During the 2022 Russian invasion of Ukraine, within the Eastern Ukraine offensive, Rubizhne came under heavy shelling from the Russian military. Some of the most intense strikes occurred late in March 2022, which destroyed dozens of buildings and caused civilian casualties. An attack on a nitric acid facility in Rubizhne was reported on 9 April 2022.
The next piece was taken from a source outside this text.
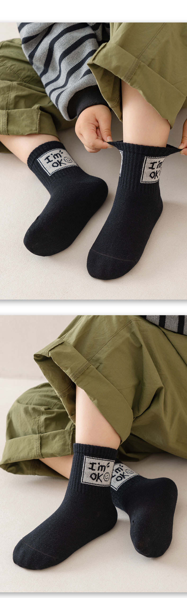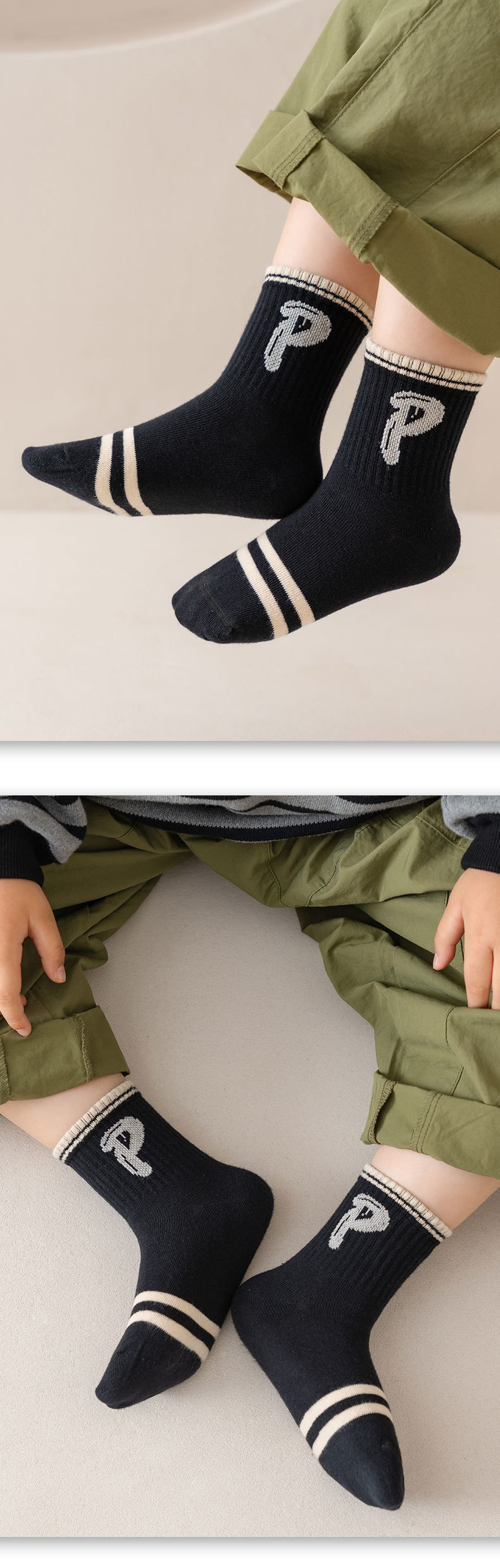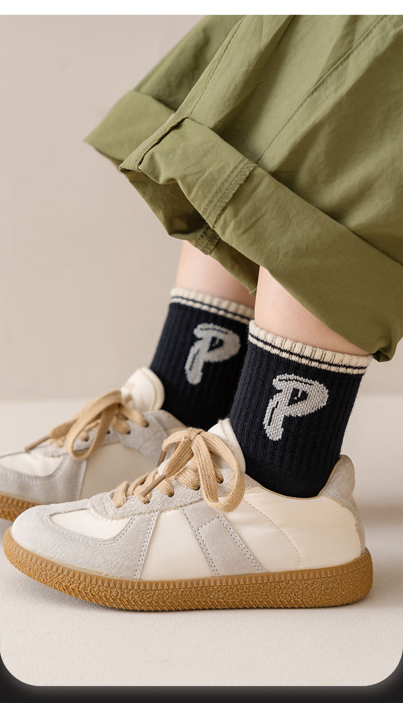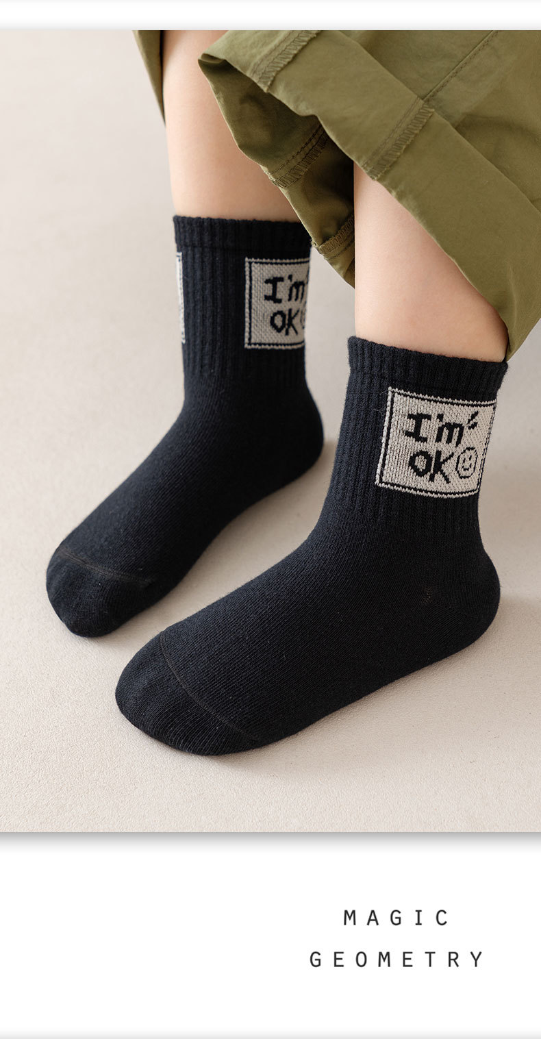 2024 년 어린이 양말 가을 겨울 한국 편지 유행 양말 봄 및 가을 통기성 중간 튜브 양말 코튼 양말 소년 소녀 스포츠 양말

During the battle of Donbas, on 21 April, Russia reportedly captured the city, although Ukraine denied that. Ramzan Kadyrov, the president of Chechnya, then stated that Russia had "liberated" the city on 25 April.

On 12 May, it was reported that Ukrainian forces had fully retreated from the settlement to take up new defensive positions near Sievierodonetsk and had destroyed a bridge in order to slow the Russian advance.

Ukrainian forces were then forced from Sieverodonetsk in July 2022. Rubizhne remains under Russian control, as of December 2023.

==Demographics==
Rubizhne had 65,322 inhabitants in the Ukrainian Census of 2001. The city's population declined to 59,951 by 1 January 2014.

The ethnic composition according to the Ukrainian Census of 2001:

==Economy==
Prior to the 2022 war, Rubizhne was known for its chemical and pharmaceutical plants and factories. The headquarters of "Microkhim", the largest Ukrainian producer of substances and medicines for cardiology, was situated in Rubizhne. One of Ukraine's biggest plastic pipe plants, Rubezhnoye Pipe Plant, is also located in the town.

==Notable people==
Rubizhne is the town of birth of MMA Heavyweight Champion Fedor Emelianenko, and Olympic champion in fencing Vladimir Smirnov.